The forgotten plight of the Bedouin in the Holy Land


Emanuel Stoakes
The Independent
March 2, 2012

The Bedouin of Israel and the occupied territories are easy to pick on. Self-identifying as neither Israeli nor Palestinian, not often considered as such by either community in return, their plight is less attention-grabbing, less politically-infused than that of other communities in the Holy Land. Accordingly, when their rights are apparently under assault, their suffering can easily disappear under the radar.

Never fully comfortable guests in either national camp, it is the actions of Israel that ostensibly have been the most cruel to the Bedouin.

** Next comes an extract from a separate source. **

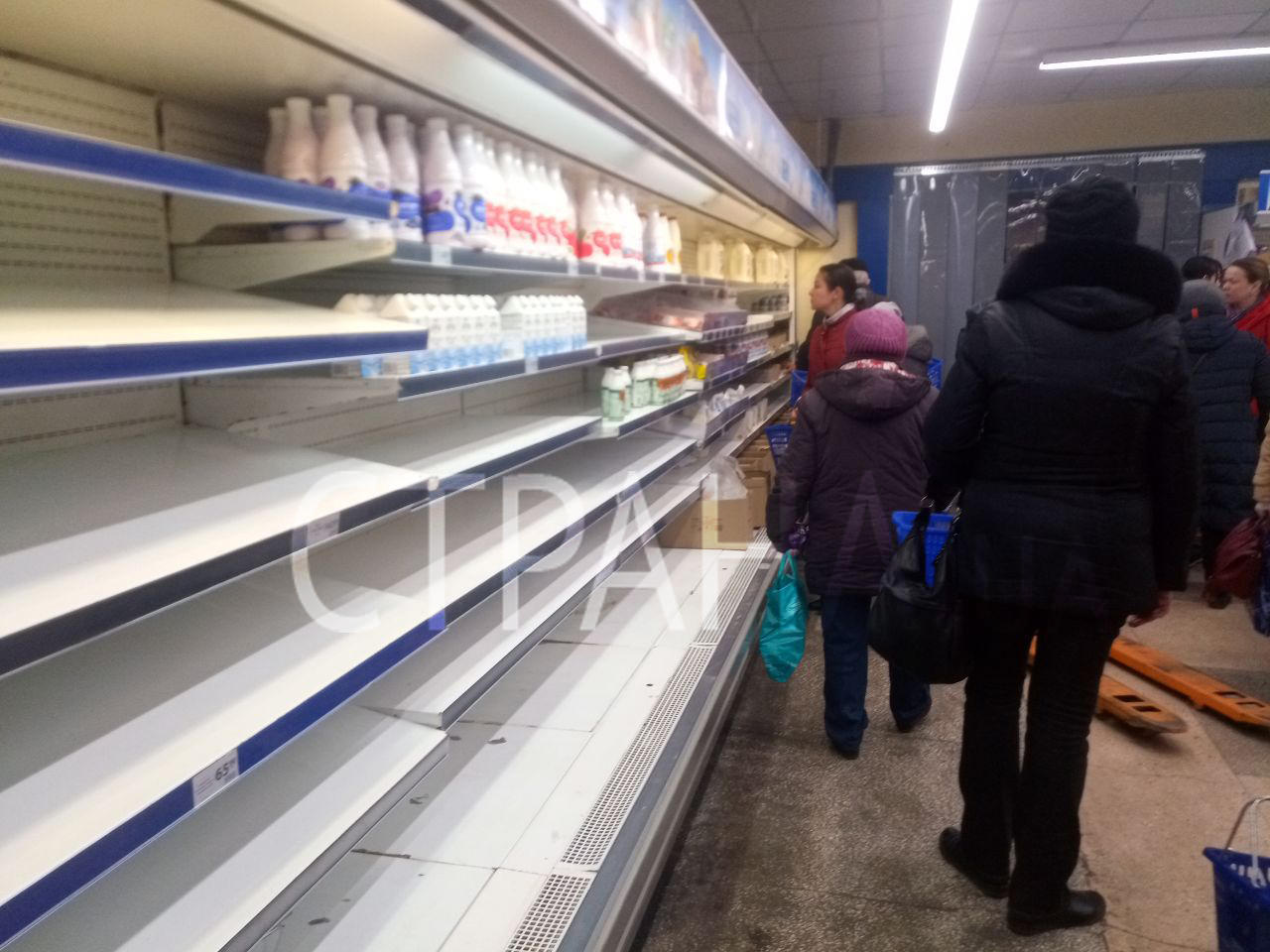 Молочных продуктов маловато, нет свежего молока, например. Зато есть несколько сортов колбасы, есть замороженные куры и мясо. Картошка, морковь, лук, капуста, свекла - все из чего варят борщ, есть и в сетевых маркетах, и на прилавках уличных торговцев. С полок подчистую смели почти все крупы, кроме экзотического кус-куса, почти все консервы.

In July 2010, Israeli forces swept into the village of Al-Araqib in Israel’s southern Negev (Arabic: Naqab) desert, destroying houses, olive trees, animal shelters to clear the “unrecognised” land of its allegedly illegal occupants. Half of those displaced were children.

The villagers have since defiantly rebuilt their settlement, claiming ownership of their land dating back to the early twentieth century before Israel came into being in its current form. Gravestones in the village appear to indicate that this may be so. Having reconstructed, their village was destroyed again. The cycle has continued to the present day, with Al-Araqib having been reportedly deconstructed and rebuilt over thirty times to date.

The high number of demolitions led the Israeli Land Authority to initiate proceedings last year against 34 villagers from Al Araqib, seeking 1.8 million shekels in compensation for the costs of repeatedly destroying their homes.